- _TASK PROMPT_
Exact copy, no pictures: repeat the data that follows.

- _DATA FOR ANALYSIS_

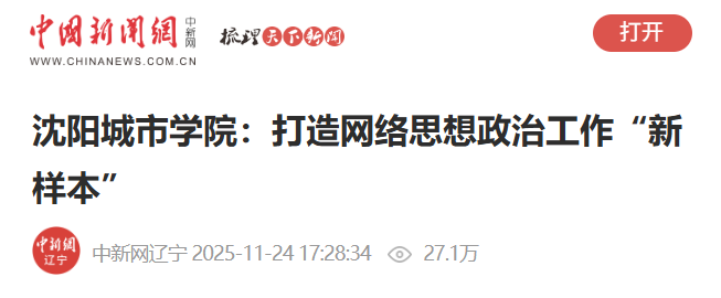 11月24日,中国新闻网客户端发表题为《沈阳城市学院:打造网络思想政治工作“新样本”》的文章,阐述了沈阳城市学院以专职网络辅导员队伍建设为核心,创新构建“精准覆盖、立体育人、双向联动”的工作模式,探索全新网络思政教育新路径的经验做法。截至发稿时,浏览量27万+。
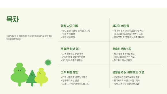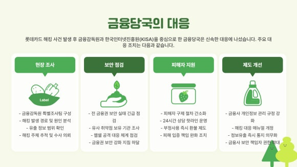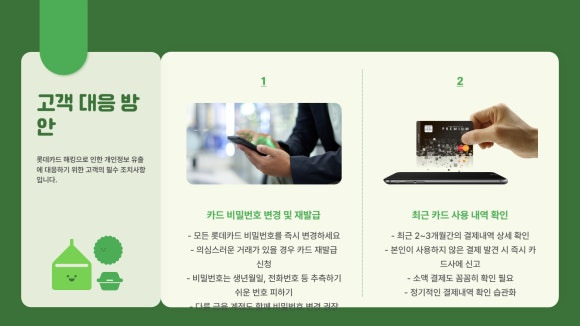 - 롯데카드는 보안 시스템 전면 재정비와 함께, 피해 고객 대상 부정결제 모니터링 및 보상 프로그램 운영 예정
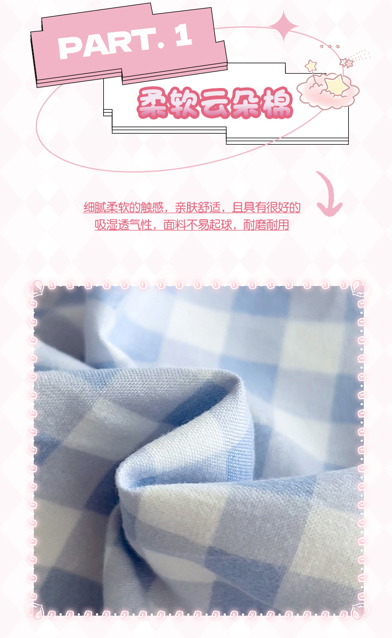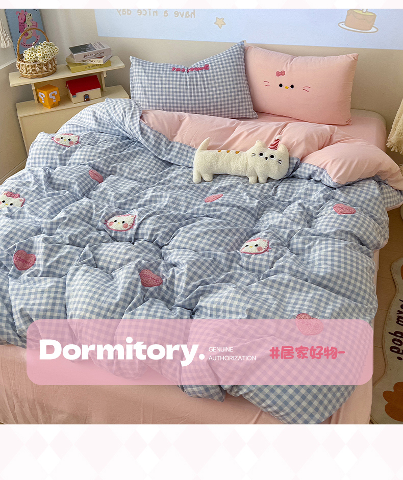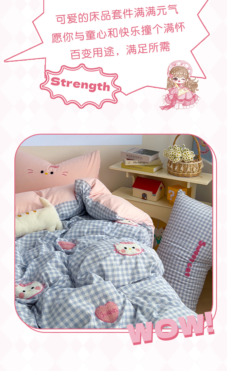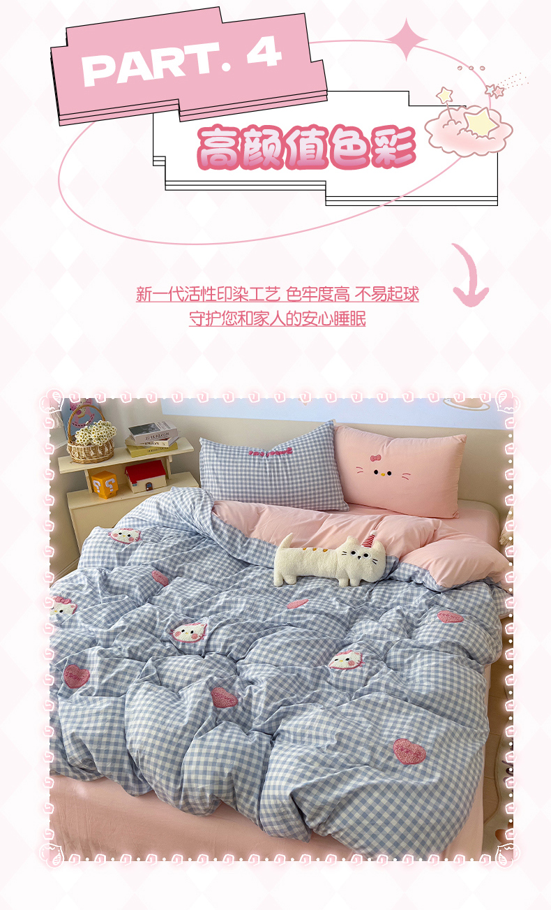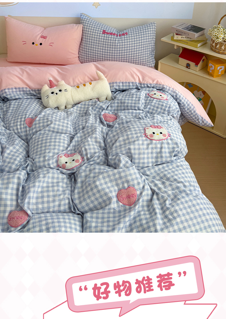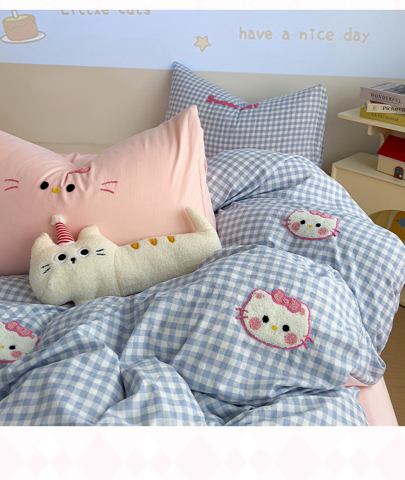 当前位置: 91家纺网 > 商品网购 > 床品套件 > 四件套 > 毛巾绣四件套 > 罗亿家纺 2025新款格子卡通云朵棉毛巾绣四件套场景一(提供买家秀) 糖果猫咪蓝
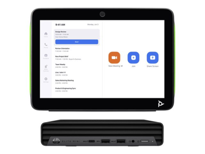 - Inkluderer HP Mini Conferencing PC og Poly TC10 touch controller til en komplet opsætning
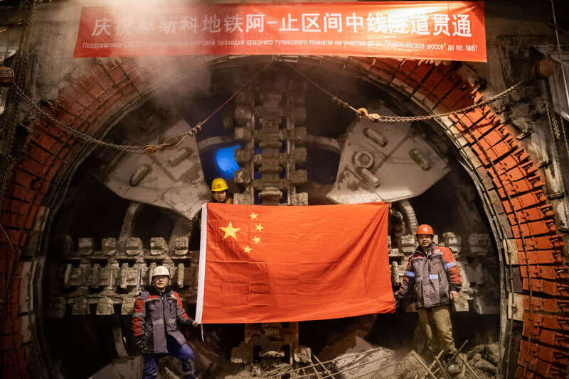 ↑在俄罗斯首都莫斯科,工作人员在地铁项目隧道全部贯通后在盾构机前合影(2019年12月26日摄)。新华社记者 白雪骐 摄
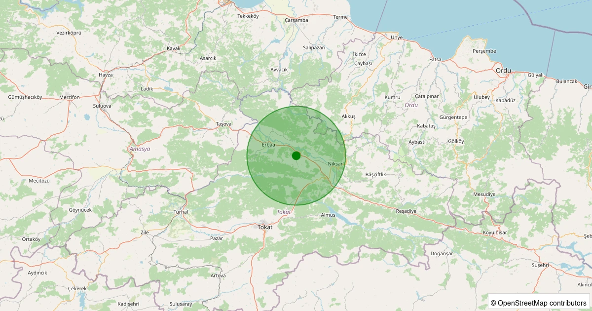 Son 7 gün içinde Niksar - Gözpınar noktasından 100 km yarıçap içerisinde meydana gelen diğer depremler:

- _ANSWER SECTION_
 11月24日,中国新闻网客户端发表题为《沈阳城市学院:打造网络思想政治工作“新样本”》的文章,阐述了沈阳城市学院以专职网络辅导员队伍建设为核心,创新构建“精准覆盖、立体育人、双向联动”的工作模式,探索全新网络思政教育新路径的经验做法。截至发稿时,浏览量27万+。
 - 롯데카드는 보안 시스템 전면 재정비와 함께, 피해 고객 대상 부정결제 모니터링 및 보상 프로그램 운영 예정
 当前位置: 91家纺网 > 商品网购 > 床品套件 > 四件套 > 毛巾绣四件套 > 罗亿家纺 2025新款格子卡通云朵棉毛巾绣四件套场景一(提供买家秀) 糖果猫咪蓝
 - Inkluderer HP Mini Conferencing PC og Poly TC10 touch controller til en komplet opsætning
 ↑在俄罗斯首都莫斯科,工作人员在地铁项目隧道全部贯通后在盾构机前合影(2019年12月26日摄)。新华社记者 白雪骐 摄
 Son 7 gün içinde Niksar - Gözpınar noktasından 100 km yarıçap içerisinde meydana gelen diğer depremler:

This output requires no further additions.